TCG: A number of costume elements that you use in Moulin Rouge — corsets, for example — are still couture staples. But is there anything that you and Angus designed that might cross over to the runway?

CM: I certainly think that if the movie’s influential in any way, it's to a large degree from the effect of the personality that Nicole [Kidman] projects in the clothes. [Before an all-important rendezvous] she’s in this fabulous red dress and it’s meant to be the most spectacular dress in the show, and you’re focused on it and trying to make it work perfectly that it’s always a little bit off. But then in the movie, she turns around and says, 'How do I look?' And you say, 'Pretty damn fine, actually.' That is why the power of the clothes in Moulin Rouge will have an effect, because of the personality of the actor that imbues something into a garment which, at the end of the day, is only a red dress.

TCG: So your actors get a say in what they wear onscreen?

CM: With every actor in this movie, and every other movie I've worked on with Baz, every actor has input into how their costume's developed, what they wear in what scene. Because ultimately, the clothes are on a hanger, they're just clothes.
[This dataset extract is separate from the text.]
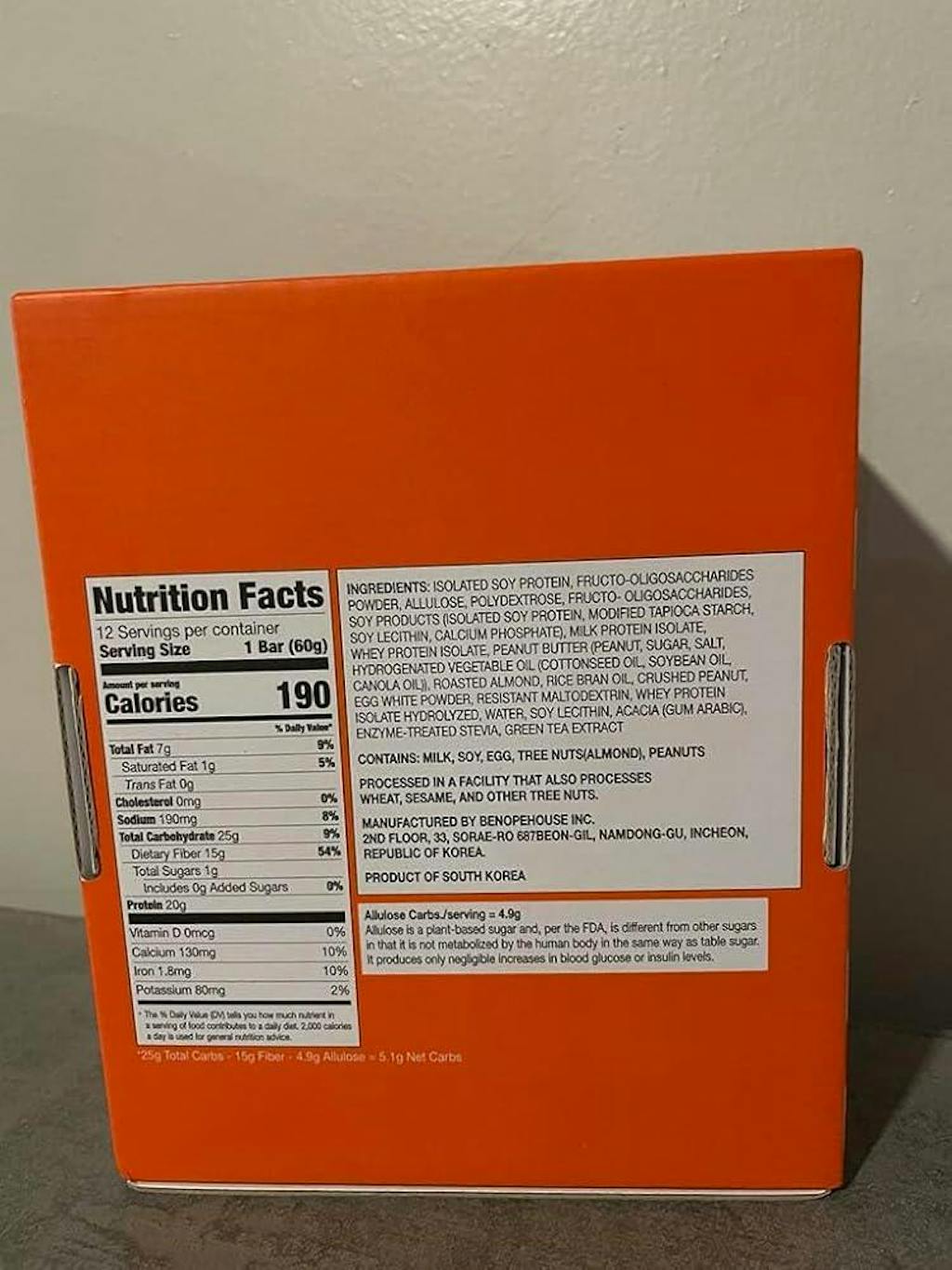 Isolated Soy Protein, Fructo-oligosaccharides, Allulose, Polydextrose, Soy Products, Milk Protein Isolate, Whey Protein Isolate, Peanut Butter, Roasted Almond, Rice Bran Oil, Crushed Peanut, Egg White Powder, Resistant Maltodextrin, Hydrolyzed Whey Protein Isolate, Water, Soy Lecithin, Acacia, Enzyme-treated Stevia, Green Tea Extract. Contains: Milk, Soy, Egg, Tree Nuts (Almond), Peanuts Net Carbs: 5.1g (25g Total Carbs - 15g Fiber - 4.9g Allulose)

It's the actors that make them come alive.

TCG: Does being a costume designer affect the way you dress?

CM: Baz will often say to me, 'Why are you wearing that outfit?' Or question a choice of my own in my life, and I realize it's a place of attitude. I'm thinking, 'I look like Carole Lombard in 1935,' and of course I don't, but in my mind I'm in that place. How many times do you go and get a garment out of the wardrobe and you put it on, and it's a state of mind thing. And if you've got the panache in than moment to carry it off, it looks great. But two hours later if you weren't in the same state of mind, you wouldn't have it.